= Rabies in Kerala =

Public health issue in Kerala, India

Rabies is a public health concern in the Indian state of Kerala, where dogs, most of them free-ranging, cause tens of thousands of bites and a smaller number of human deaths each year. The disease drew wider attention from 2022, when several people in the state died of rabies despite having received the rabies vaccine after being bitten. Kerala's response has centred on mass vaccination of dogs, animal birth control, and public awareness, in line with the global goal of ending dog-mediated human rabies by 2030.

==Background==
Rabies is almost always fatal once symptoms appear and is spread mainly through the bite of an infected animal, usually a dog. India accounts for about a third of the world's rabies cases; a nationwide study estimated 9.1 million animal bites in 2022–23.

In Kerala, dog bites number in the tens of thousands each year. More than 95,000 bites were reported in the state in 2022, and the number of rabid dogs detected had roughly doubled over the previous five years.

==Deaths among vaccinated people==
From 2022, Kerala reported a series of rabies deaths in people who had received post-exposure vaccination, a pattern that concerned public health experts because timely vaccination almost always prevents the disease. At least fourteen rabies deaths were confirmed in the state in 2022, five of them in people who had been vaccinated. The deaths were reported in The Lancet Regional Health - Southeast Asia as a public health concern.

The state government appointed an expert committee to investigate, and the Central Drugs Standard Control Organisation tested the vaccine batches and certified that they met quality standards and had been stored at the required 2–8 °C. Investigators attributed most of the deaths to the severity and site of the wounds, such as deep bites to the face, head, and neck, which allow the virus to reach the nervous system quickly, and to cases in which rabies immunoglobulin was not given or was insufficient, or the vaccination course was delayed or left incomplete. A 2025 state review of 27 rabies deaths found that six of the victims had been vaccinated, one of them with only a single dose.
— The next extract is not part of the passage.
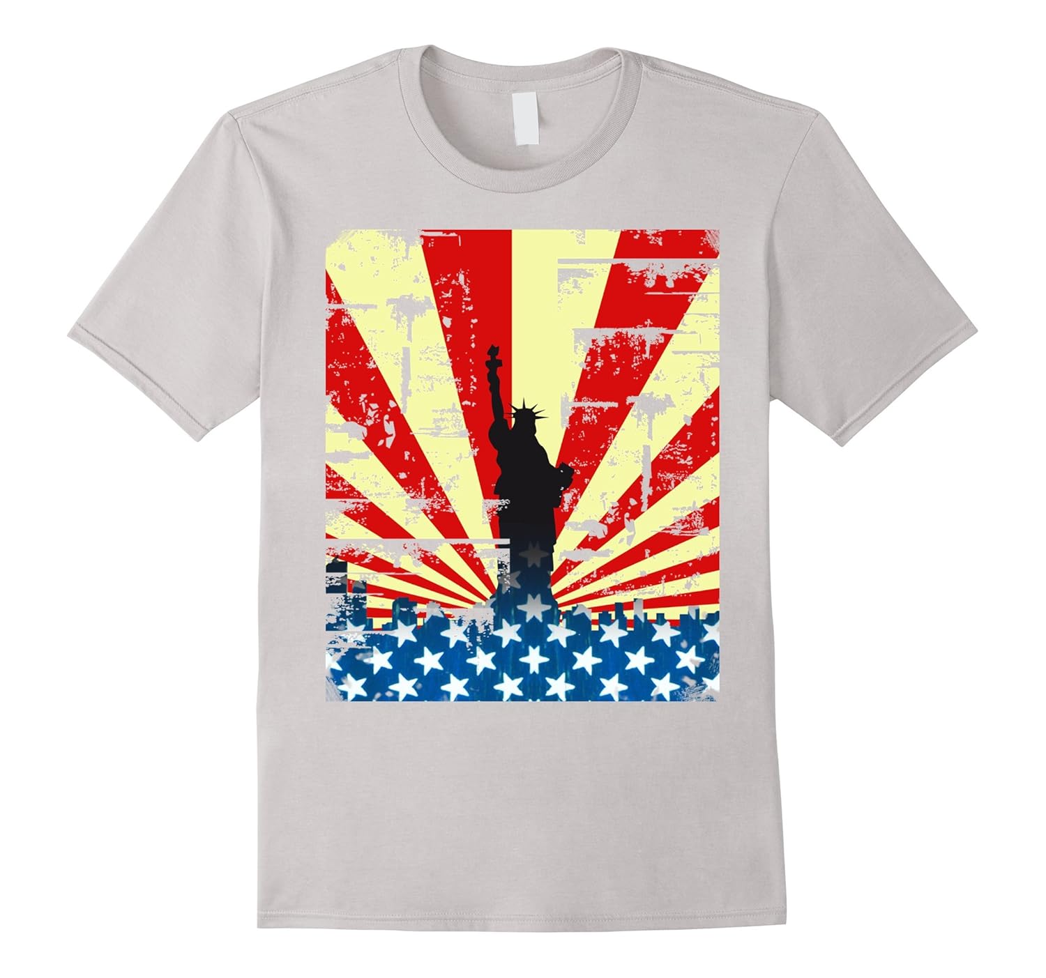 Solid colors: 100% Cotton; Heather Grey: 90% Cotton, 10% Polyester; All Other Heathers: 65% Cotton, 35% Polyester, Imported, Machine wash cold with like colors, dry low heat, On Veterans Day we respect those service men and women who showed bravery in battle in the Iraq Afghanistan, Vietnam, Korean war Gulf or world wars. Wear this tee to celebrate our brave armed forces and those who have served in them. This shirt has an image of the statue of liberty in silhouette, laid over the american flag designed to look like wartime spotlights shining at the sky. Wear one or gift one this veterans day. Lightweight, Classic fit, Double-needle sleeve and bottom hem

Some critics attributed the deaths to gaps in the management of bites and in the stray-dog programme rather than to the vaccine itself. As a precaution, the Kerala Medical Services Corporation withdrew a batch of vaccine from government hospitals, and the state asked the union government to ensure the quality of the anti-rabies vaccine.

==Control measures==
In September 2022, Kerala began its first mass campaign to vaccinate dogs, including stray dogs, aiming to cover at least 70 per cent of the dog population to build herd immunity. The state's 2019 livestock census had counted about 836,000 owned dogs and 290,000 stray dogs. The programme was revised in 2024 to cover one locality at a time in each district, with dog catchers and vaccinators engaged through local bodies. Kerala also expanded animal birth control surgery centres and held school and community awareness sessions, working towards the "zero by 2030" target for ending dog-mediated human rabies deaths.